Селкет засмеялась; серебряный бисер заплясал, зазвенел в воздухе, вторя ее чистому голосу.
– Не будь таким наивным, Крака. Помнишь, когда ты решил вернуться?
Зово вдруг обернулся ко мне; под его мрачным взглядом я поежился, не понимая, что происходит.
– Я гадал на узлах, – процедил он сквозь зубы. – И увидел ребенка, отмеченного знаком быка и совы. Ребенка, чьей судьбой было попасть вам в лапы.
– И какое совпадение, что он появился неподалеку от места, где ты скрывался! – издевательски протянула богиня. – Не спорю, ты сам нашел его. Сам догадался, что это лучшая возможность добраться до нас. Но ты ли нашептал семье отправить его в Бьяру? Ты взял его в слуги Перстня? Или, может, ты отвел глаза Чеу Ленца, чтобы он поднялся в месектет? Бедный Ишо, он так переживал…

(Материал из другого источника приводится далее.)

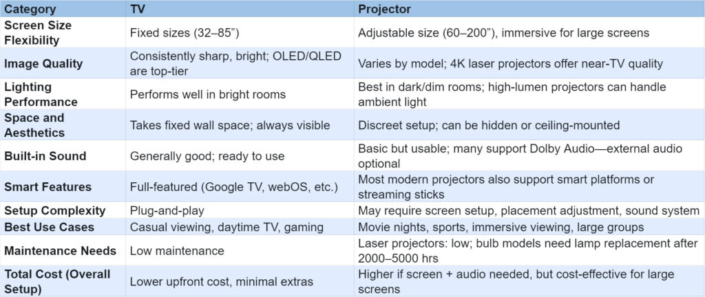 Conclusion: TVs provide solid audio right out of the box. Projectors come with decent built-in sound and offer flexibility to upgrade for immersive soundscapes.
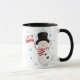 Esta é uma engraçada caneca com tema de inverno, apresentando um boneco de neve dançando na neve vestindo um chapéu e cachecol, com as palavras "Deixe-a nevar". Dê-lhe esta caneca sozinha ou encha-a com chocolates, doces ou outros favores e embrulhe-a em celofane com arcos.
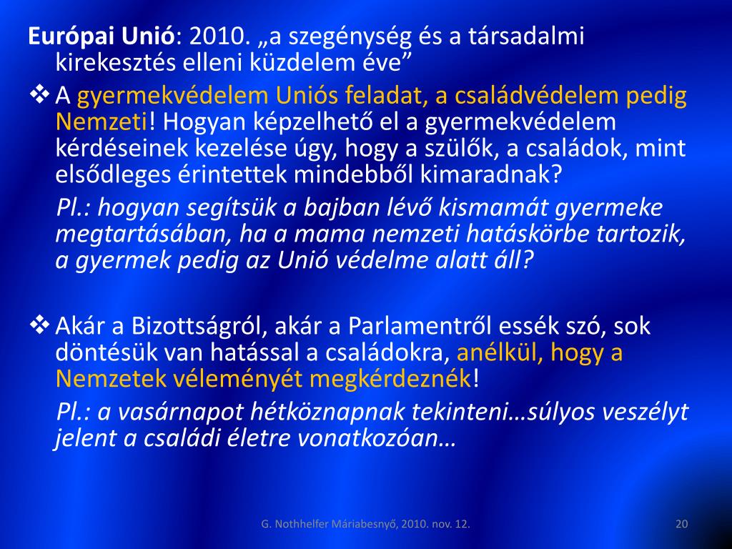 Európai Unió: 2010. „a szegénység és a társadalmi kirekesztés elleni küzdelem éve” • A gyermekvédelem Uniós feladat, a családvédelem pedig Nemzeti! Hogyan képzelhető el a gyermekvédelem kérdéseinek kezelése úgy, hogy a szülők, a családok, mint elsődleges érintettek mindebből kimaradnak? Pl.: hogyan segítsük a bajban lévő kismamát gyermeke megtartásában, ha a mama nemzeti hatáskörbe tartozik, a gyermek pedig az Unió védelme alatt áll? • Akár a Bizottságról, akár a Parlamentről essék szó, sok döntésük van hatással a családokra, anélkül, hogy a Nemzetek véleményét megkérdeznék! Pl.: a vasárnapot hétköznapnak tekinteni…súlyos veszélyt jelent a családi életre vonatkozóan… G. Nothhelfer Máriabesnyő, 2010. nov. 12.

Она снова засмеялась; а я замер, разинув рот. Моя жизнь в один миг пронеслась перед глазами, выворачиваясь наизнанку, как стягиваемая с ладони рукавица. Неужели все это время я был просто приманкой? Когда сова подняла меня в вечернее небо и открыла клюв, произнося беззвучное слово, это Селкет поставила на мне клеймо, видимое только лучшему ученику Эрлика? Когда дядя прибился к каравану, идущему в столицу, Зово увязался следом только потому, что охотился за мной? И на площади Тысячи Чортенов не я успокоил Чомолангму? И не случайно бык вырвался из лап прислужников и бросился давить толпу? Не от усталости я уснул в его сбруе накануне Цама, и не из милосердия Железный господин остановил Ишо, занесшего надо мною кинжал? А когда Ун-Нефер заклинал мое рен, то знал, конечно, что кто-нибудь из лха – мягкосердечный Сиа, или строптивый Шаи, или ласковая Камала – обязательно упросит оставить щенка во дворце; ему же останется только согласиться как бы против собственной воли. И ни я сам, ни кто другой (ни Зово, ни Ишо, вздумай они порыться в моей памяти!) не заподозрят, что боги заманили меня в Коготь…

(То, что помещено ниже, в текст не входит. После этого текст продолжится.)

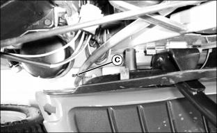 5. Fasten hose to hole in foot rest support with tie strap (C).

Стало трудно дышать; из желудка к горлу подкатывал тяжелый липкий ком. Вот зачем Железный господин и Палден Лхамо всюду таскали меня за собою – на шествие Цама, на Стену, даже на охоту в Северные горы, – чтобы Зово видел, как близко они подпускают дурачка. Наивный, я думал, меня отпустили из небесного дворца во внешний мир, чтобы лечить бедняков. Нет; боги ждали, что я встречусь с бывшим почжутом, что в его голове созреет замысел убийства… И не потому ли Ун-Нефер во время болезни выбрал помощником меня, а не Сиа, чтобы я проболтался о его слабости и наконец привел отступника прямо в ловушку!
Охнув, я опустился на четвереньки. Меня вырвало бурой желчью прямо на пол.
– Он не знал? – спросил Зово, глядя на меня почти с жалостью.
– Нет.
– И что теперь? Что вы сделаете со мною, если не собираетесь убивать? Придумаете какое-нибудь жуткое наказание длиною в целую кальпу, в назидание другим? Можете не трудиться; эти трусы и так не осмелятся бунтовать… да что там, даже тявкнуть без чужого приказа!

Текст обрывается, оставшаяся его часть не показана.